INFORMATION SUPPLIED:
[Start of section]

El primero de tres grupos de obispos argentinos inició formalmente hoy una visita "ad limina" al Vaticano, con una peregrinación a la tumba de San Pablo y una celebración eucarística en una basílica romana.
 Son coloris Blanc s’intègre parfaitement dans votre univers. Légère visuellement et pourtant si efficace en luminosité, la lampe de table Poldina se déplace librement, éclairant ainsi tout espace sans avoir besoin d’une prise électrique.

[End of section]
[Start of section]

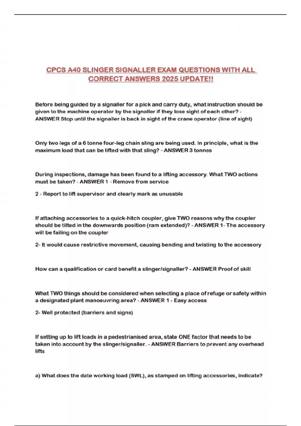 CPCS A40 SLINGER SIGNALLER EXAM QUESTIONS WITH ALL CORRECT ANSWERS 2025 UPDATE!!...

[End of section]

From the records above, transcribe without alteration every line from the one with "El primero de" to the one with "Son coloris Blanc", inclusive.

OUTPUT:
El primero de tres grupos de obispos argentinos inició formalmente hoy una visita "ad limina" al Vaticano, con una peregrinación a la tumba de San Pablo y una celebración eucarística en una basílica romana.
 Son coloris Blanc s’intègre parfaitement dans votre univers. Légère visuellement et pourtant si efficace en luminosité, la lampe de table Poldina se déplace librement, éclairant ainsi tout espace sans avoir besoin d’une prise électrique.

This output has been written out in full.